**THE PROBLEM**
From the records below, print exactly the lines starting at the one containing "Good condition. Yellow" and ending at the one containing "Dois veículos colidiram", ends included, and nothing else.

**RECORDS SHOWN**
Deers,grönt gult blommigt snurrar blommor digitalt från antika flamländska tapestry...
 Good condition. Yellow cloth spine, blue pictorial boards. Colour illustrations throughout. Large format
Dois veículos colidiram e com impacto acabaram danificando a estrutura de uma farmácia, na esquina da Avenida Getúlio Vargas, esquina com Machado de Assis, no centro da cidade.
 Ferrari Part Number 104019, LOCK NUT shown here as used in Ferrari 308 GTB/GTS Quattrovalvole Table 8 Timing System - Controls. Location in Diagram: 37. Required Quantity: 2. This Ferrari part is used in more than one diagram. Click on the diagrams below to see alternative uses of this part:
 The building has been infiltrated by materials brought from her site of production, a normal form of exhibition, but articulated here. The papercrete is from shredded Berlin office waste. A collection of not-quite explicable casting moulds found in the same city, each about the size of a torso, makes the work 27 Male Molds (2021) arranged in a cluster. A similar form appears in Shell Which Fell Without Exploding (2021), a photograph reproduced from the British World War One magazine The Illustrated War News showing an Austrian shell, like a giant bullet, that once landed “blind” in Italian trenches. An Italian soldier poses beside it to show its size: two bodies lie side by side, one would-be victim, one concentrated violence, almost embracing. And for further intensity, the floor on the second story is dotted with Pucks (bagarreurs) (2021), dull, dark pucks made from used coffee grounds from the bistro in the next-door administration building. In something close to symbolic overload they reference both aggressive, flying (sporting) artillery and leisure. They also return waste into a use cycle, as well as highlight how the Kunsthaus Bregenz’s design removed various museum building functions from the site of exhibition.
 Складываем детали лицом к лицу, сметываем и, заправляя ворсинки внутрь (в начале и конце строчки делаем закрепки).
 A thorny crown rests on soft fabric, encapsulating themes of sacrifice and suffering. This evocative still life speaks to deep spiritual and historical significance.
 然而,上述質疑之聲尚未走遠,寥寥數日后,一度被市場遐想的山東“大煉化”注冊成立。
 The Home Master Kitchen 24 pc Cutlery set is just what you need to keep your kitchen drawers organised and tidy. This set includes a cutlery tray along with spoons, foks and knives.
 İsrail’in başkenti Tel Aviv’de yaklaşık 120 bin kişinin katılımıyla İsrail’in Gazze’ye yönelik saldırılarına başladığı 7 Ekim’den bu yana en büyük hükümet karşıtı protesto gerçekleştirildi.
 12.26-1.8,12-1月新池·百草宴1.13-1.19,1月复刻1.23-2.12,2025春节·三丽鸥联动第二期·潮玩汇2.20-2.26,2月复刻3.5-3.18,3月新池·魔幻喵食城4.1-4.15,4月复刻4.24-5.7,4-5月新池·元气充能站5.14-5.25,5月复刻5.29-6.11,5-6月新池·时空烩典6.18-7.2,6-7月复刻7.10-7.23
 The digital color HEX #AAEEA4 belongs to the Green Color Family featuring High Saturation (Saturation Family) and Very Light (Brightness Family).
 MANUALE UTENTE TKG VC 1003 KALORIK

**RESPONSE BOX**
 Good condition. Yellow cloth spine, blue pictorial boards. Colour illustrations throughout. Large format
Dois veículos colidiram e com impacto acabaram danificando a estrutura de uma farmácia, na esquina da Avenida Getúlio Vargas, esquina com Machado de Assis, no centro da cidade.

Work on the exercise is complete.